Eventually, you’d sell out of goods and have to turn away business. Before that happens, small-batch shipments could bolster restocking efforts. The strategy is simple: Ship smaller amounts of goods via priority ocean services to help preserve business continuity. Let’s break it down.

Smaller, Faster Shipments

Low inventory can quickly become an urgent situation. In these cases, Flexport’s new LCLPriority service may be able to rescue your company from dwindling down to nothing.

It’s not going to solve the capacity crisis, but it could be a quick fix just when you need it.

  • Start by making a crucial decision: which SKUs you need ASAP.
  • Book your shipment from and to designated LCLPriority ports. These are high-traffic ports throughout Asia, the US, and Europe.
  • Communicate with suppliers to plan for cargo-ready dates.

Most LCLPriority shipments cap at approximately 15 CBM. That’s up to a dozen or more refrigerators or around 100 mattresses, thousands of t-shirts, or tens of thousands of yoga mats.

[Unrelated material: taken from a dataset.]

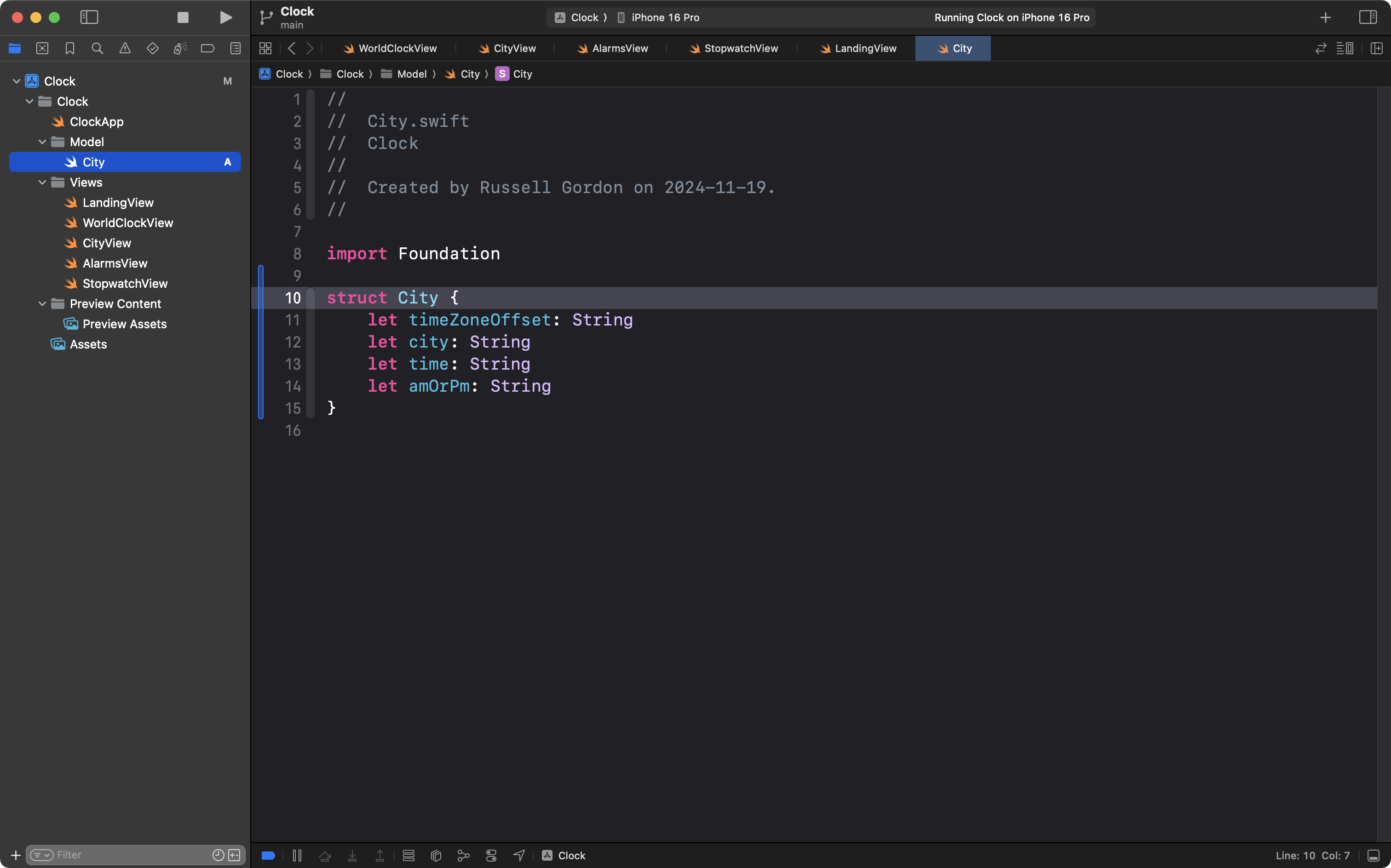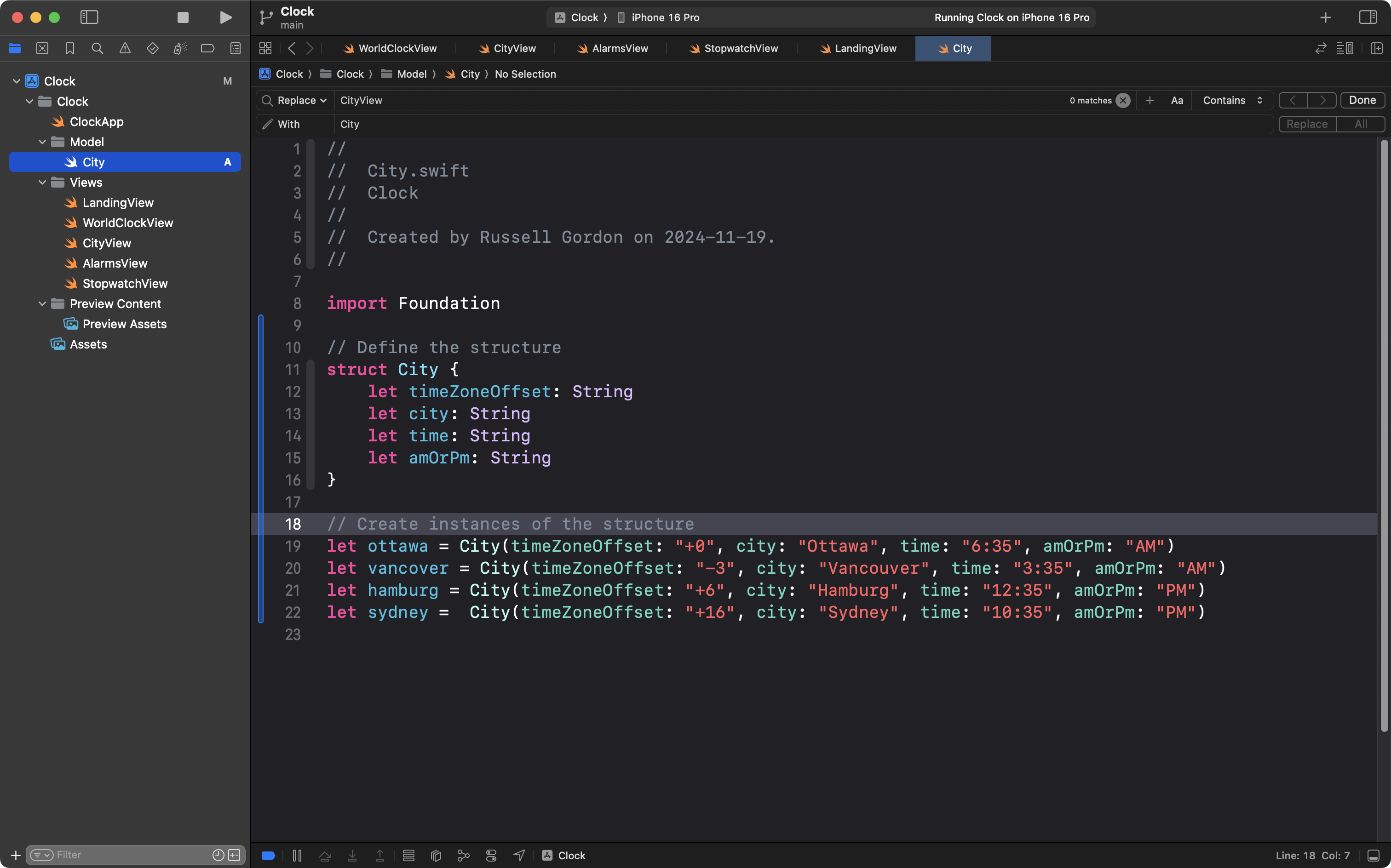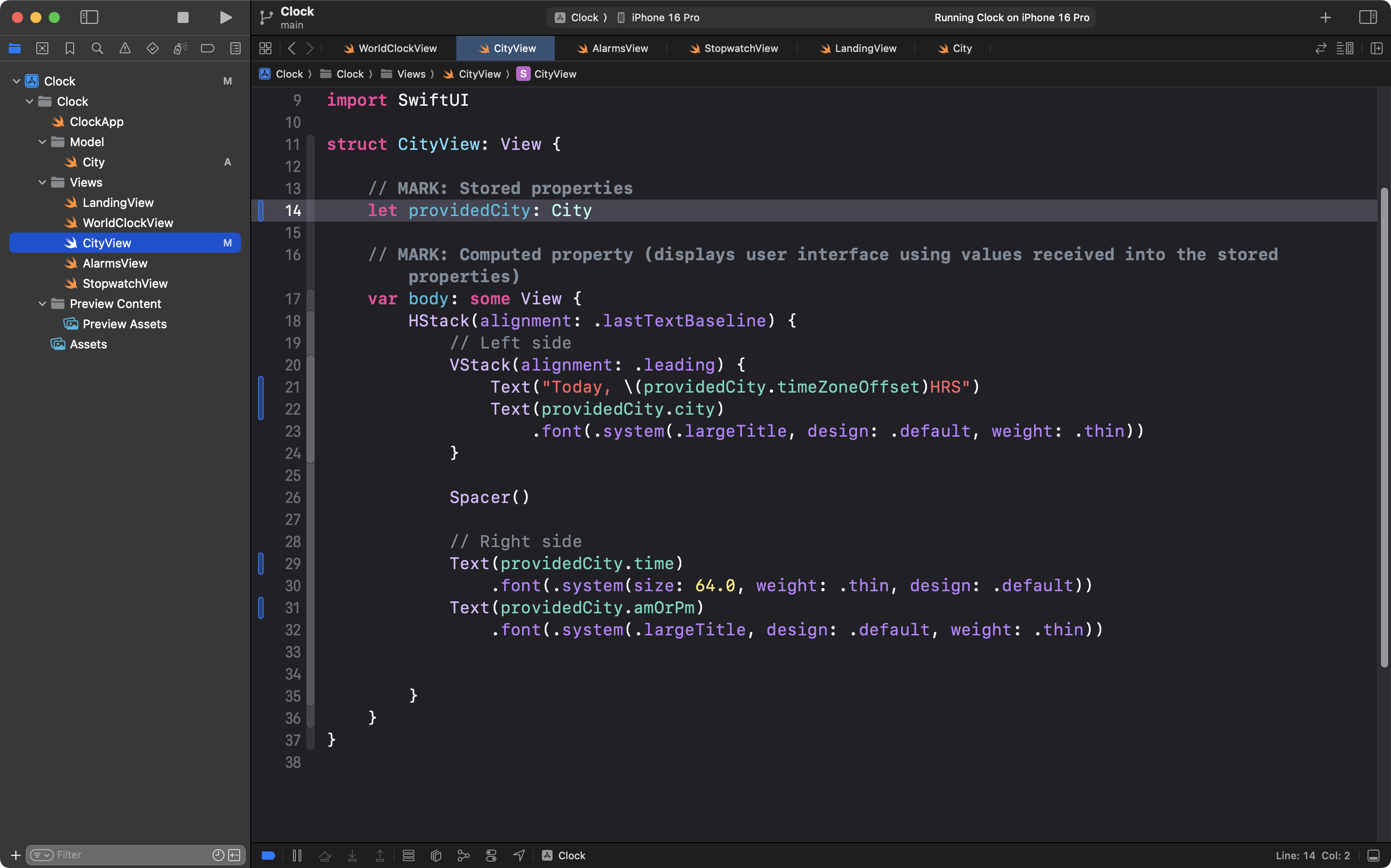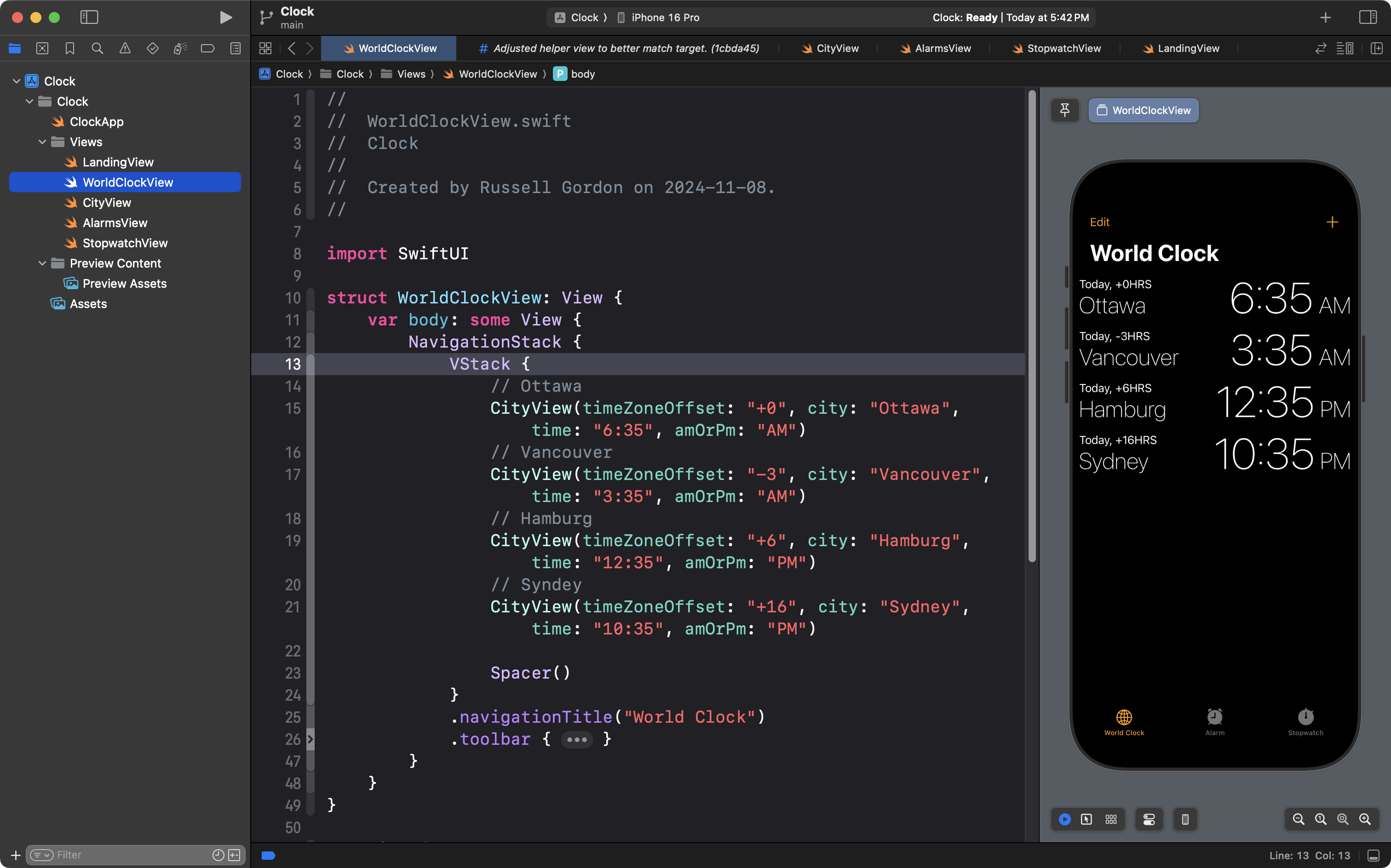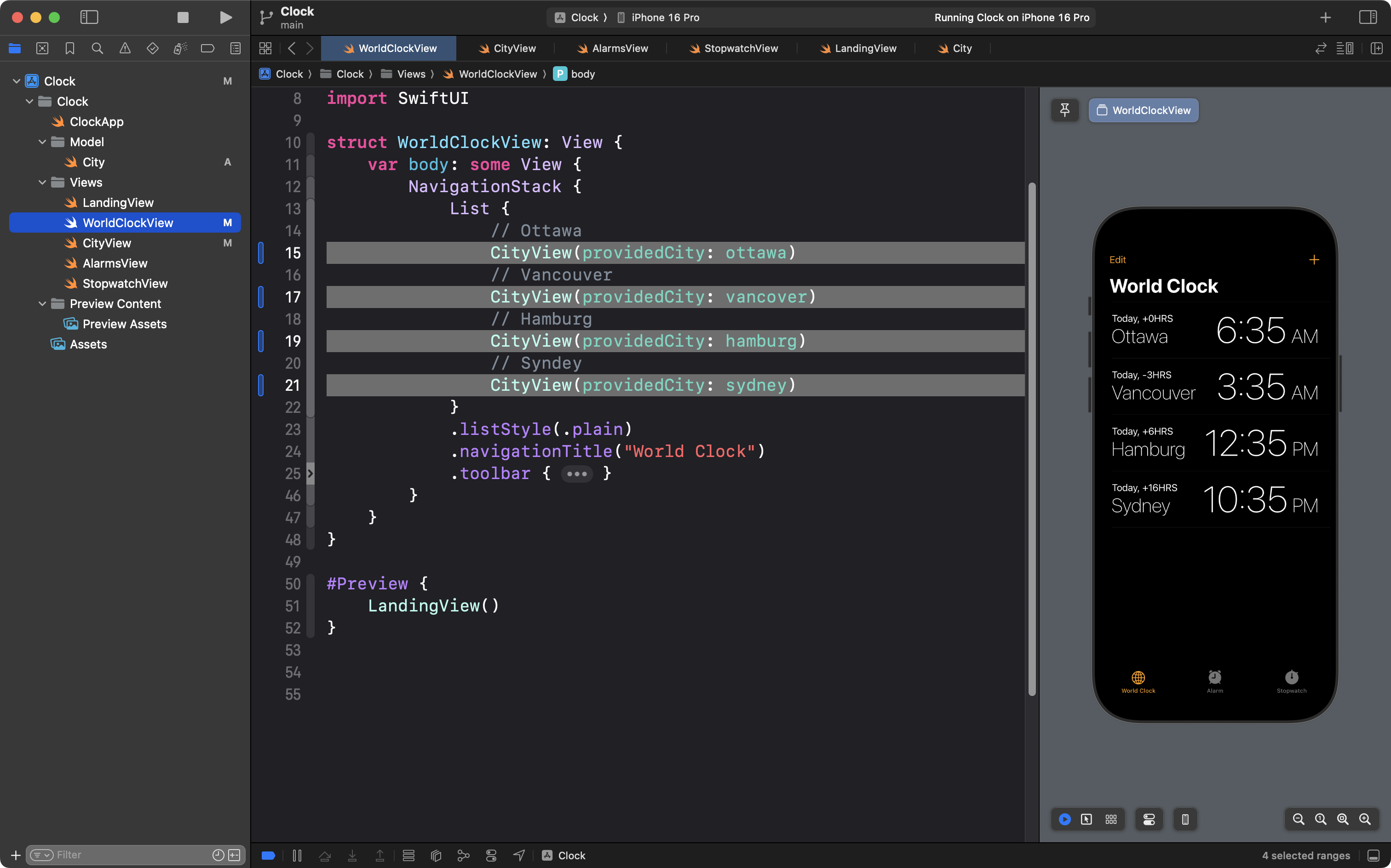 In the example above, a VStack is used to show each city that we created a clock for. A Spacer view is used to push the cities up to the top of the interface.

There’s no minimum volume, either. LCLPriority is designed to be just the right amount of capacity to carry companies out of the danger zone when inventory is low.

Flexport expects this space—like all space these days—to get snapped up quickly, so if your business can benefit, take action to book.

What’s Happening to Inventory

We continue to see US business inventories running lower by the month.

According to Federal Reserve Economic Data (FRED), the latest inventory-to-sales ratio was 1.25 in April 2021, down from 1.26 in March—and way down from 1.73 in April 2020.

The ratio represents a balancing act for most companies. In a perfect world, inventory and sales would be closely matched with new inventory arriving just as previous inventory sold.

That would drive an inventory-to-sales ratio down from current US levels.

That would also require a perfectly stable supply chain, and—spoiler!—it’s not a perfect world. It's possible to lose in either direction. Too much inventory? Your capital is tied up. Too little? You miss out on sales.

As the ratio drops in the US, it’s not an indicator of higher profit margins or wiser capital allocation (although it could be, under radically different circumstances).

In this case, it’s an indicator of depleting inventory. As companies sell, the value of their inventory isn’t keeping pace. Goods demand may be great, but shipping is frenzied, and it’s starting to hold up restocking.

If you can find a way to circumvent the delays, even if it’s one small shipment at a time, it could make the difference between business continuity or collapse.